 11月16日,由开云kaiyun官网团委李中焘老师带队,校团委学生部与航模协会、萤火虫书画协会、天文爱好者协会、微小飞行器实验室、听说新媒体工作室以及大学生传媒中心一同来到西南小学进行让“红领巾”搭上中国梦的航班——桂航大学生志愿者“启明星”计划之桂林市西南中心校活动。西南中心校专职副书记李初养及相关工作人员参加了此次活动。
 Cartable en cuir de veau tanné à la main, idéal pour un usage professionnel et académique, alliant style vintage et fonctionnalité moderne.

==

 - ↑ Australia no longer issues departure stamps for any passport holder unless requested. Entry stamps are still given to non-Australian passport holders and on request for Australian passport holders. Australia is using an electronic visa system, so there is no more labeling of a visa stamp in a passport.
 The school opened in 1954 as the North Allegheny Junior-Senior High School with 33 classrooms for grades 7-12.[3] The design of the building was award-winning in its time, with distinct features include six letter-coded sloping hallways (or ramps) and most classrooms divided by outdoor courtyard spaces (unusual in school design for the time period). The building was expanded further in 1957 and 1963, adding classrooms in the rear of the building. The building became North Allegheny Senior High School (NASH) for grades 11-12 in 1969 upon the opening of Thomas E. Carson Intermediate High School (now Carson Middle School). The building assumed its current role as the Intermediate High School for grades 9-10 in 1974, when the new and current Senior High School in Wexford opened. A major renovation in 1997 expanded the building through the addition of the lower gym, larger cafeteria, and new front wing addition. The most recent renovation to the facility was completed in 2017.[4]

--

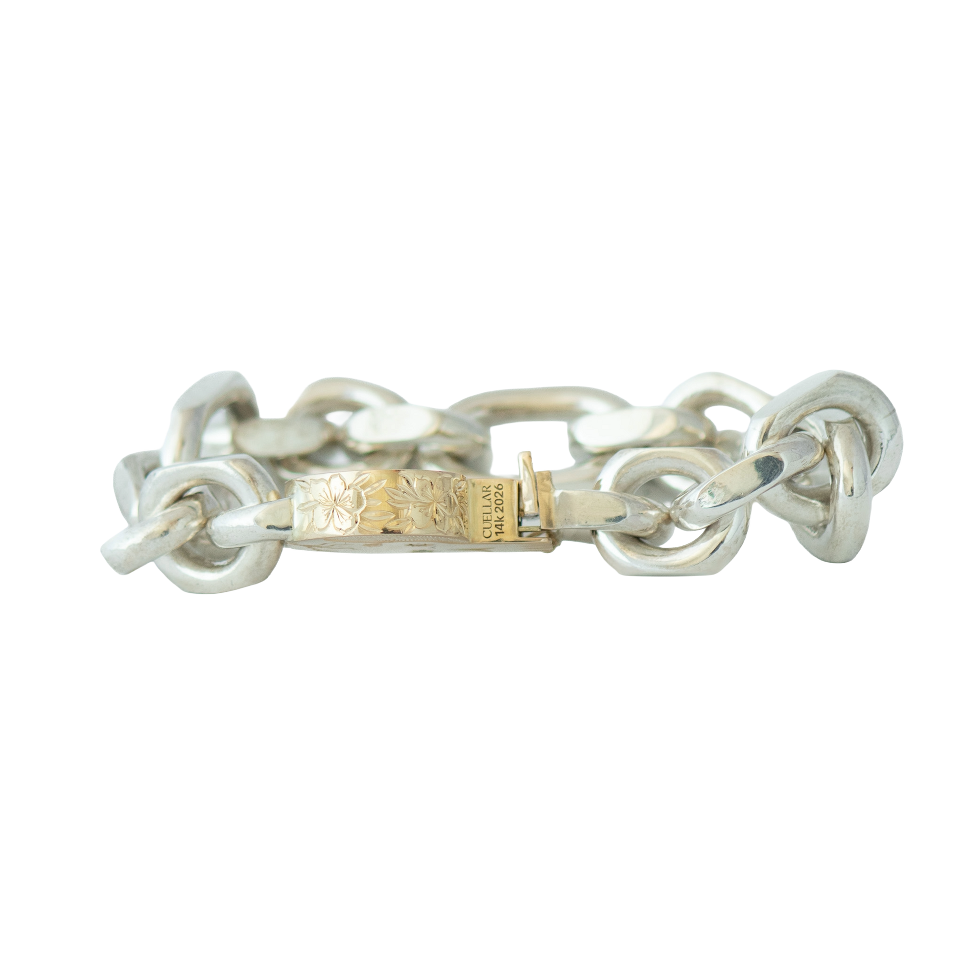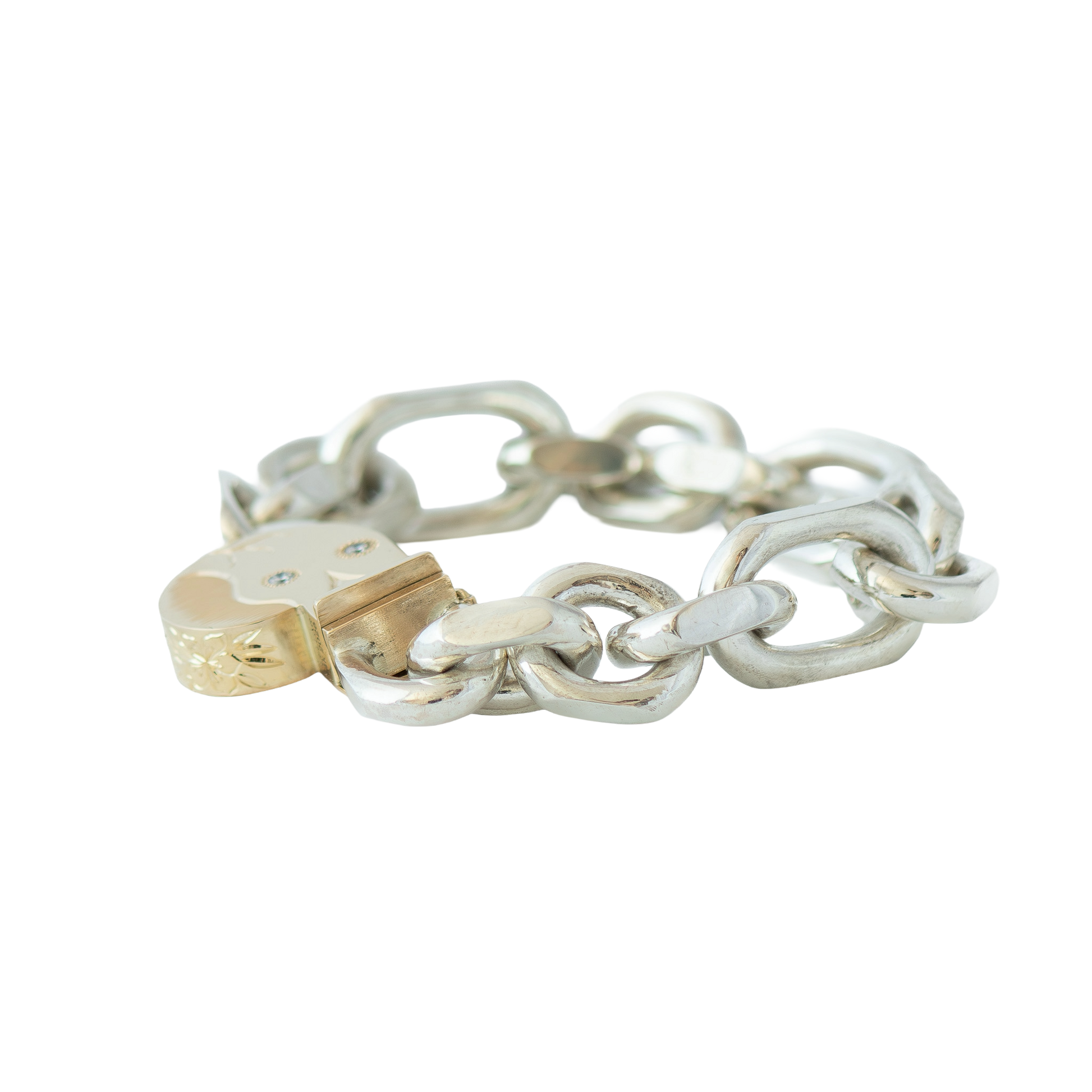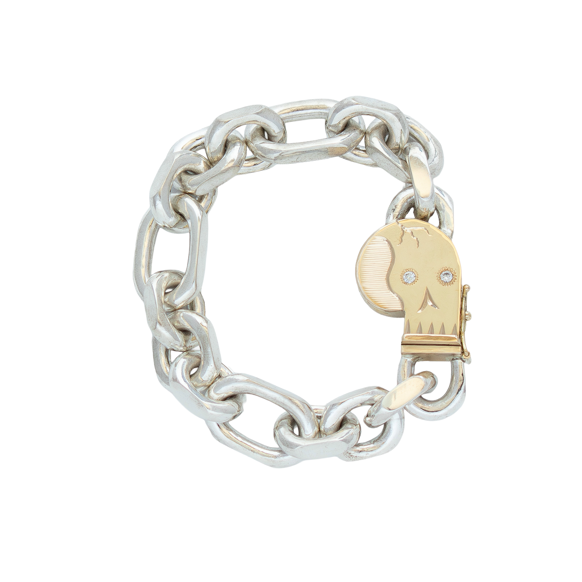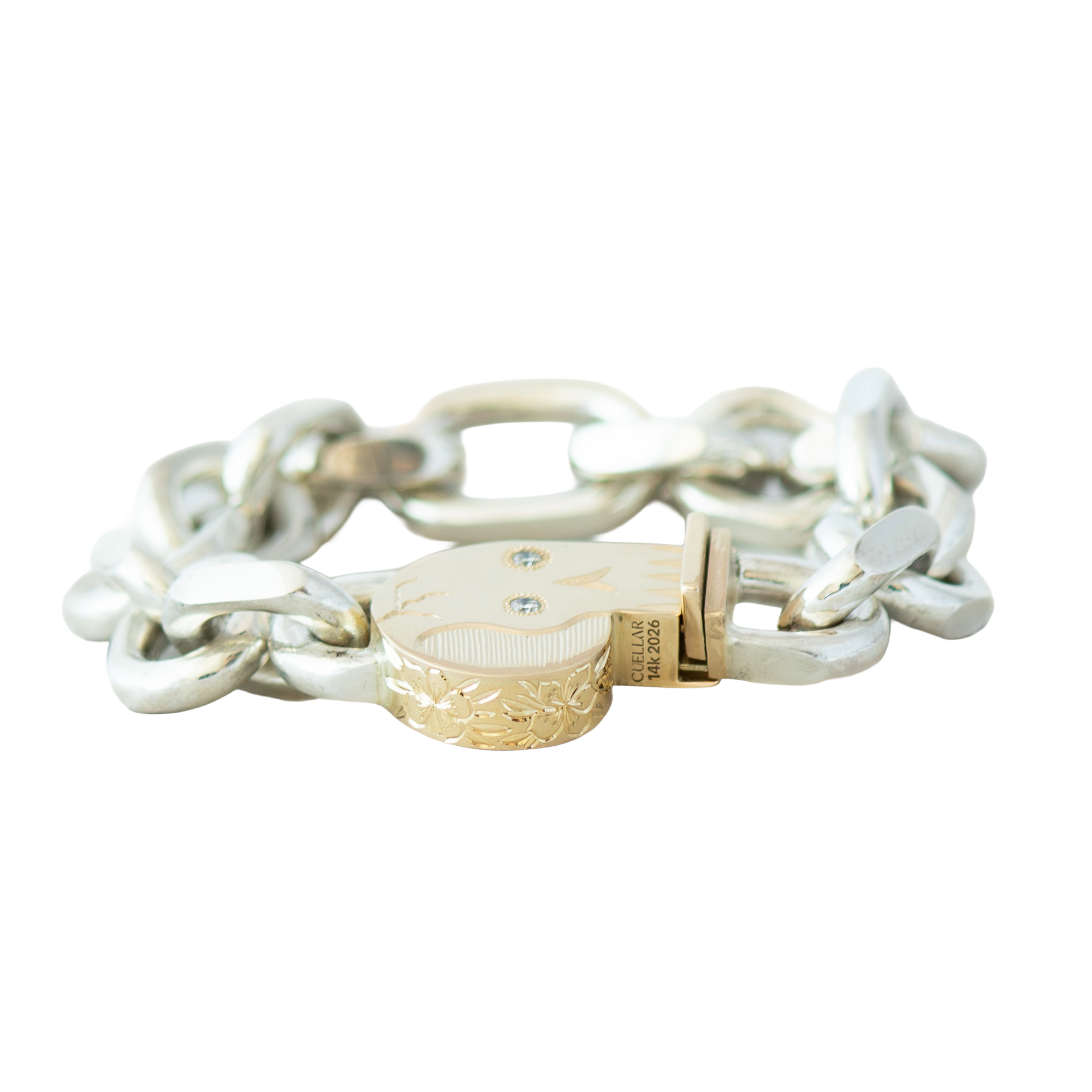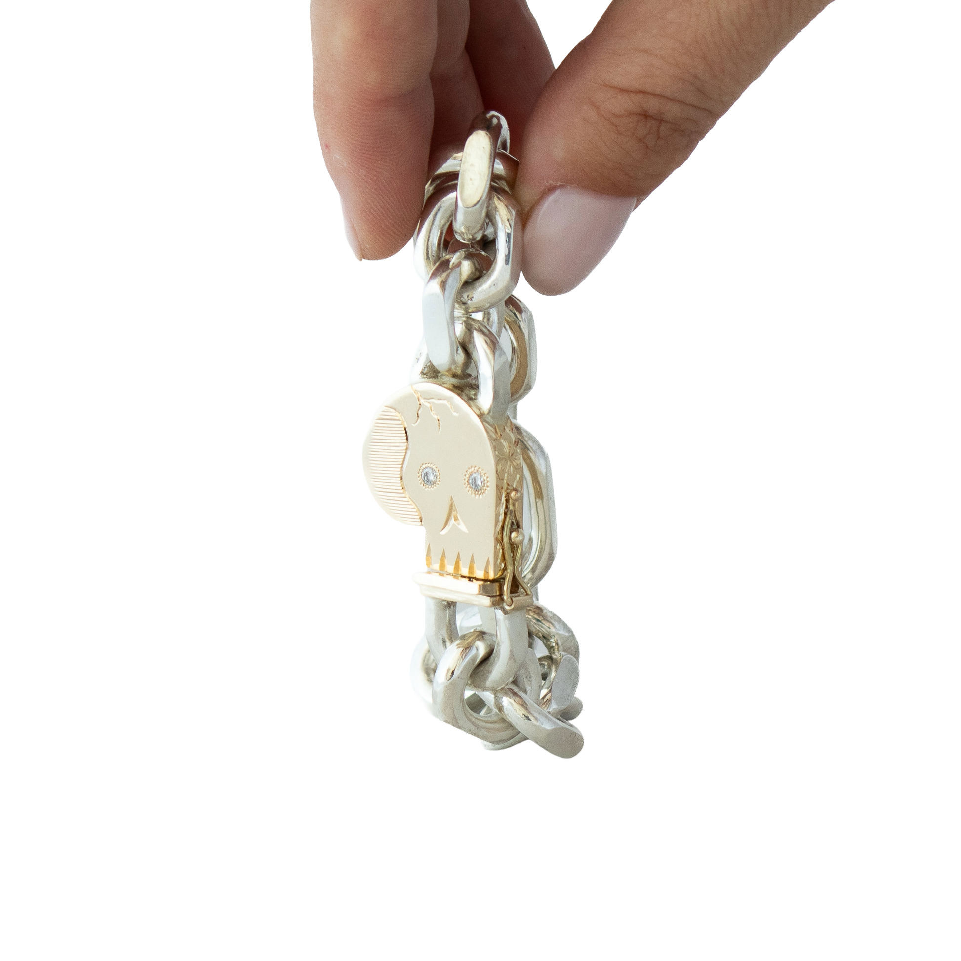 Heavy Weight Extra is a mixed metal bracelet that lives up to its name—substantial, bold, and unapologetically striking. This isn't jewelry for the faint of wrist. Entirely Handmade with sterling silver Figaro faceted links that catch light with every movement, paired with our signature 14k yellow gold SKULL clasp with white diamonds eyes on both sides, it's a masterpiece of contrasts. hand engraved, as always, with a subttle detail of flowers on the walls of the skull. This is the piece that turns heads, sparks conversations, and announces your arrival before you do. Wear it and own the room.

— Problem statement —
The listing above holds a line with "- ↑ Australia" and a line with "The school opened". Print the stretch from the first through the second, exactly and alone.

— Result below —
 - ↑ Australia no longer issues departure stamps for any passport holder unless requested. Entry stamps are still given to non-Australian passport holders and on request for Australian passport holders. Australia is using an electronic visa system, so there is no more labeling of a visa stamp in a passport.
 The school opened in 1954 as the North Allegheny Junior-Senior High School with 33 classrooms for grades 7-12.[3] The design of the building was award-winning in its time, with distinct features include six letter-coded sloping hallways (or ramps) and most classrooms divided by outdoor courtyard spaces (unusual in school design for the time period). The building was expanded further in 1957 and 1963, adding classrooms in the rear of the building. The building became North Allegheny Senior High School (NASH) for grades 11-12 in 1969 upon the opening of Thomas E. Carson Intermediate High School (now Carson Middle School). The building assumed its current role as the Intermediate High School for grades 9-10 in 1974, when the new and current Senior High School in Wexford opened. A major renovation in 1997 expanded the building through the addition of the lower gym, larger cafeteria, and new front wing addition. The most recent renovation to the facility was completed in 2017.[4]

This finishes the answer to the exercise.